Liu Guangyi said that Chinese government saw the leading role of the mobile communication industry to the whole society, hoping the 5G development to boost the manufacturing industry.

Make money

Facing the strident promotion of the 5G’s revolutionary prospects and application scenarios, people might have a false impression that the 5G is approaching.

However on April 17, Xu Zhijun, rotating CEO of Huawei, said that though the 5G technology is faster and more reliable, consumers might not have a concrete feeling of the difference between 4G and 5G.

He said that most consumers will not see the benefits of the new technology, and it will be difficult for telecom operators to make money.

While companies and countries are pushing ahead the 5G in the fierce international competition, but Xu’s view just represented some industry insiders’ opinion.

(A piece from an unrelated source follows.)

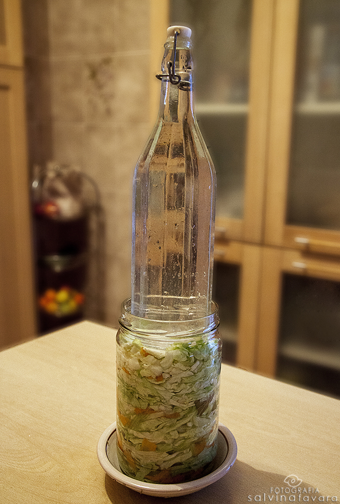 Un altro metodo utilizzabile è di mescolare le verdure, il sale e le spezie in una bacinella sufficientemente grande, e poi riempire il barattolo di vetro pressando bene ogni strato. Posizionare in cima il peso (ad esempio un piatto con sopra un pesante sasso, o una bottiglia di vetro riempita d'acqua), dopo qualche ora controllare che le verdure abbiano prodotto liquido a sufficienza da esserne ricoperte (è una fermentazione anaerobica), in caso contrario sciogliere 15-30 g di sale per litro d’acqua (come nella proporzione scelta inizialmente), portare ad una lieve ebollizione, lasciare raffreddare e aggiungere la quantità necessaria a ricoprire le verdure. Coprire con un panno e lasciare a temperatura ambiente pressando di tanto in tanto (20-22°C circa) per 5-10 giorni. Si possono iniziare a gustare già dopo 2 settimane, ricoperte del proprio liquido si conserveranno ottimamente per almeno 6 mesi. Se a fine fermentazione l'odore dovesse risultare sgradevole, qualcosa non ha funzionato, buttate tutto e riprovate.

Liu said that it is a common issue for all suppliers to make money from 5G. But when telecom operators deployed 5G, consumers may not pay for the new business modes, he said. “Will you build new 5G stations?”

Zhang Ping said China Mobile will have to change its role and profit-making modes in the 5G era. In the past, China Mobile made money from consumers, but in the future, the profits could be from people and things, he said.

Mobile internet in the 4G era has subverted a lot of value-added services, and telecom operators have become an information channel, and the 5G will be another test for operators.

Foreign operators will face worse conditions comparing with Chinese operators, and they have more worries on the returns, Liu said. For example, because of a small population, Europe saw a balance of investment and income in the 4G era, but the investment of 5G will be higher than 4G.

China has a large population and the market large enough to support operators to develop, the same situations like Japan and South Korea that are willing to develop 5G, Liu said.

Companies are also exploring new business modes in the 5G market, such as intelligent vehicles, wearable devices and drones. Vertical industries, as a big source, might not huge demands in a short period.

Xu Zhijun said that though it was still vague of the future, all participants have not slowed down their steps in the 5G development. “If you are not good at 5G, clients might not buy your 4G products even.”

He said that operators also face the same situation that when one operator launched 5G network, other companies have to follow, even though it was only because of brand promotion and marketing measures.